Keel is what you use when “run this coding agent in a VM” is not enough. It gives you a Firecracker microVM, a synced workspace, and a host-enforced egress path that is explicit enough to reason about and strict enough to audit. If you want agent workloads to feel local while still having a real network boundary, policy engine, and shutdown report, this is the tool.

What Keel is for

Keel runs a command inside a Firecracker VM, mounts your project into that VM as an ext4 workspace image, and syncs changes back to the host when the command exits. The guest runtime is small and purpose-built: it boots a guest agent, brings up the workspace, starts the policy proxies, and then hands control to the requested command.

Use it when you want:

  • a disposable VM boundary around an agent or build task
  • a writable project workspace inside the VM
  • controlled egress for package managers, CLIs, curl, SDKs, and Docker-in-VM
  • a post-run network summary
  • an audit mode that shows what policy would have blocked without actually blocking it

Installation

Keel currently targets Linux hosts for real execution.

Host requirements:

  • KVM available at /dev/kvm
  • firecracker in PATH
  • sudo
  • mkfs.ext4
  • debugfs
  • iptables
  • ip6tables

Keel also needs the guest agent artifact at dist/keel-agent relative to the keel binary. If that file is missing, image pull and run commands will fail with a targeted error telling you which paths were checked.

Operational requirements:

  • the user running keel must be able to open /dev/kvm
  • the host must allow creation of TAP devices
  • the host must allow the iptables and ip6tables rules Keel installs for the VM TAP

macOS currently has only a stub hypervisor backend. The abstraction layer is in place, but VM execution is Linux-only today.

Quickstart

Initialize a project config:

keel config init

Show the resolved config after defaults, global config, and project config are merged:

keel config show

Run a shell in the default VM image:

keel -- /bin/sh

On interactive terminals, Keel shows a compact startup indicator while it resolves the image, prepares the workspace and volumes, writes boot metadata, and starts the VM. The loader clears itself before guest output attaches, so the shell or command output still starts cleanly.

Run a single command:

keel -- /bin/sh -lc 'go test ./...'

Pre-pull and cache an image:

keel image pull ubuntu:24.04

List cached images:

keel image list

Remove a cached image:

keel image rm ubuntu:24.04

Common use cases

Run an agent in a VM with a synced workspace

keel -- /bin/sh -lc 'pwd && ls -la && git status --short'

Expected behavior:

  • the command runs inside the VM
  • the project is mounted at /workspace by default
  • stdout and stderr stream back to the host
  • a network summary is printed on shutdown if there was network activity

Run a one-off tool with egress policy

keel -- curl -fsS https://api.github.com/repos/moolen/keel

Useful when you want the command to have network access only through the Keel policy path.

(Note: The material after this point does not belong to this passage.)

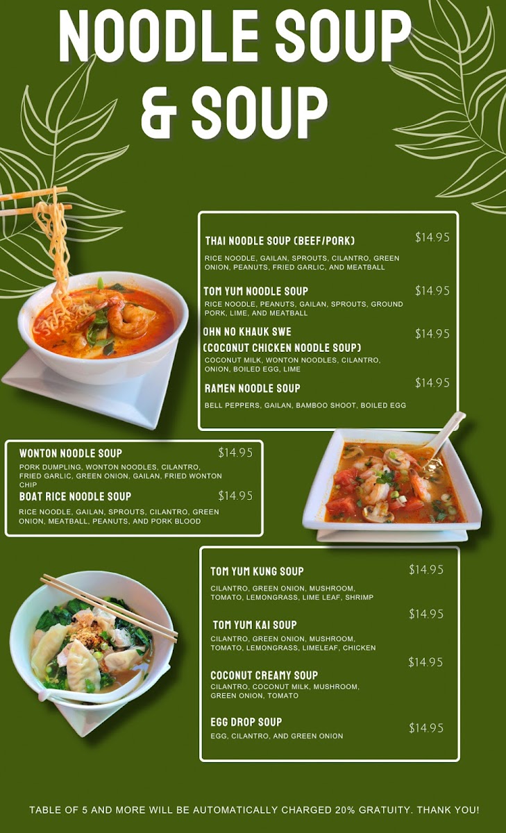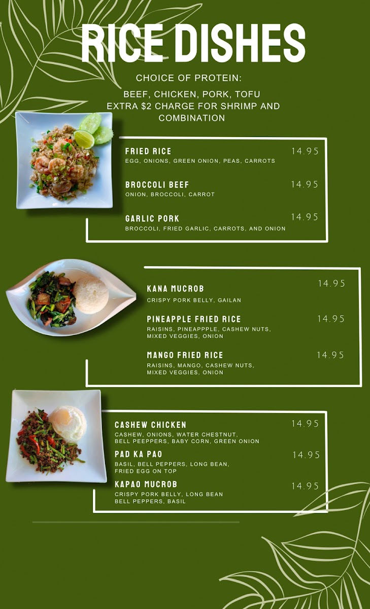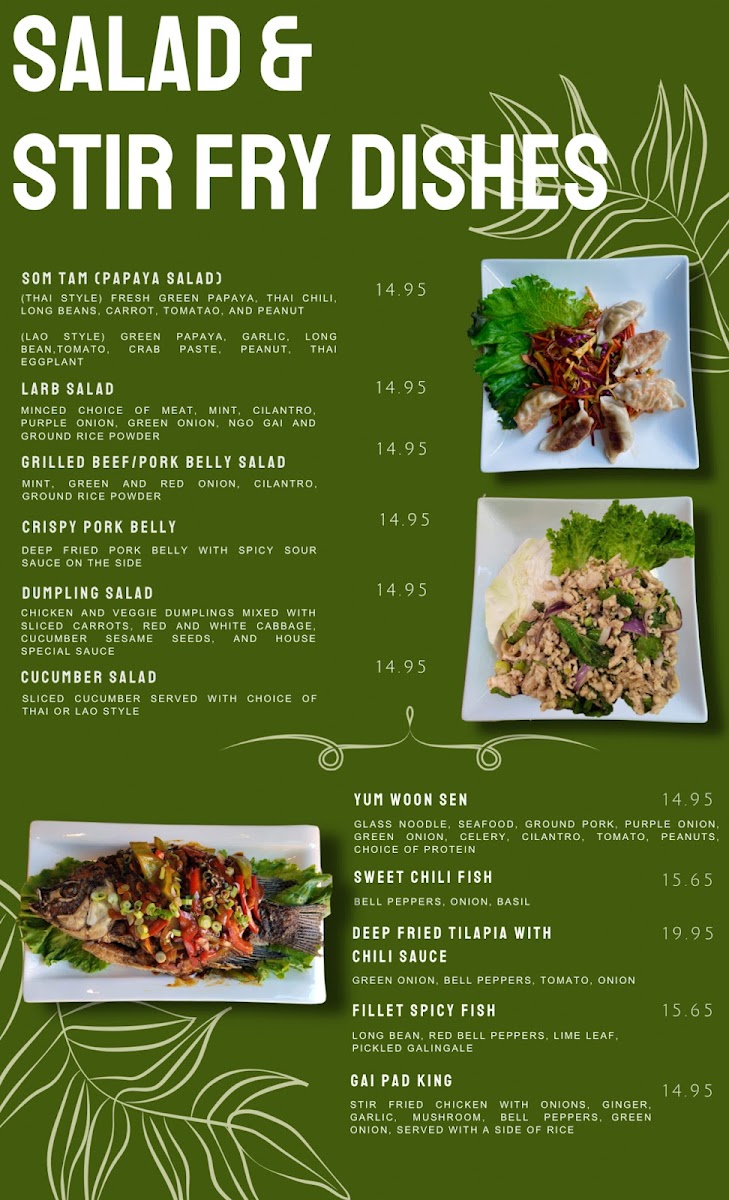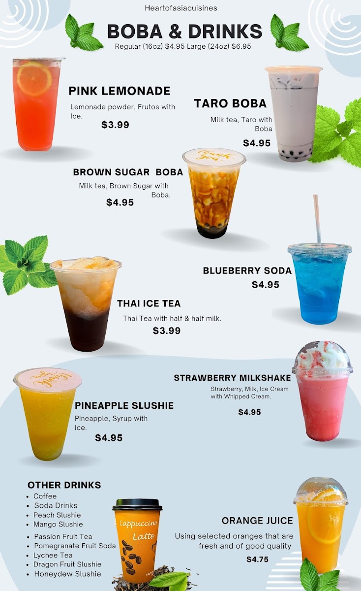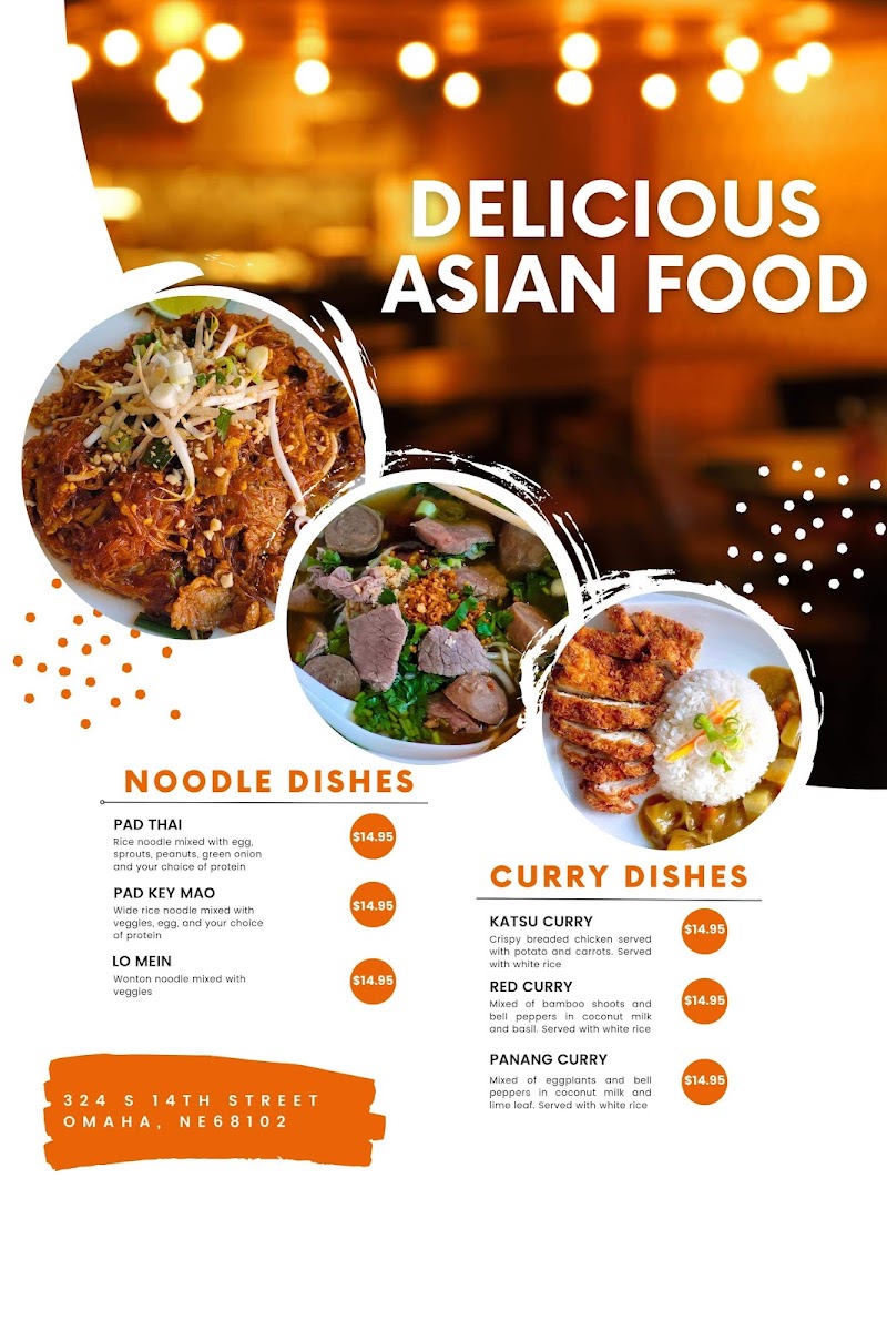 From a reviewer’s perspective, the menu at Heart Of Asia Cuisines in Downtown Omaha offers a satisfying variety that captures both comfort and bold Southeast Asian flavors at approachable prices. The fresh Cucumber Salad and flavorful Laab Salad make for a light start, while heartier options like Leng Saeb stand out as a unique specialty. The noodle section is particularly impressive, with favorites such as Pad Thai, Pad See Ew, and the rich Tom Yum Noodle Soup delivering depth and balance. Curry lovers will appreciate classics like Green Curry, Panang Curry, and Yellow Curry, each offering a comforting, aromatic experience. Rice dishes such as Pineapple Fried Rice and Kapao Mucrob provide satisfying portions, while stir-fry options like Crispy Pork Belly and Deep Fried Tilapia W/Chili Sauce add bold, savory variety. The menu is rounded out with refreshing drinks like Thai Tea and Thai Ice Coffee, alongside fun boba selections such as Milk Teas and Slushies. To finish, desserts like Mango Sticky Rice and Fried Ice Cream offer a sweet, memorable ending. Overall, the menu feels diverse, well-curated, and appealing to both adventurous diners and those seeking familiar favorites.

Build with Docker inside the VM

features:
  - name: docker
    config:
      storage_driver: vfs

Then:

keel -- docker build --no-cache .

Keel starts dockerd inside the guest, configures it for proxy-based egress, and keeps the host TAP interface default-deny.

Choose the guest kernel

Keel now defaults to a release-managed guest kernel:

kernel:
  source: release://latest

Supported forms:

kernel:
  source: release://v0.2.0
kernel:
  source: https://example.com/vmlinux
kernel:
  path: /opt/keel/vmlinux

The release-managed kernel is the default path for Keel runs and is intended to include the netfilter and Docker-friendly guest networking features Keel expects. If you want to build your own local variant, use:

./hack/kernel/build-kernel.sh

Then point Keel at the built file with kernel.path.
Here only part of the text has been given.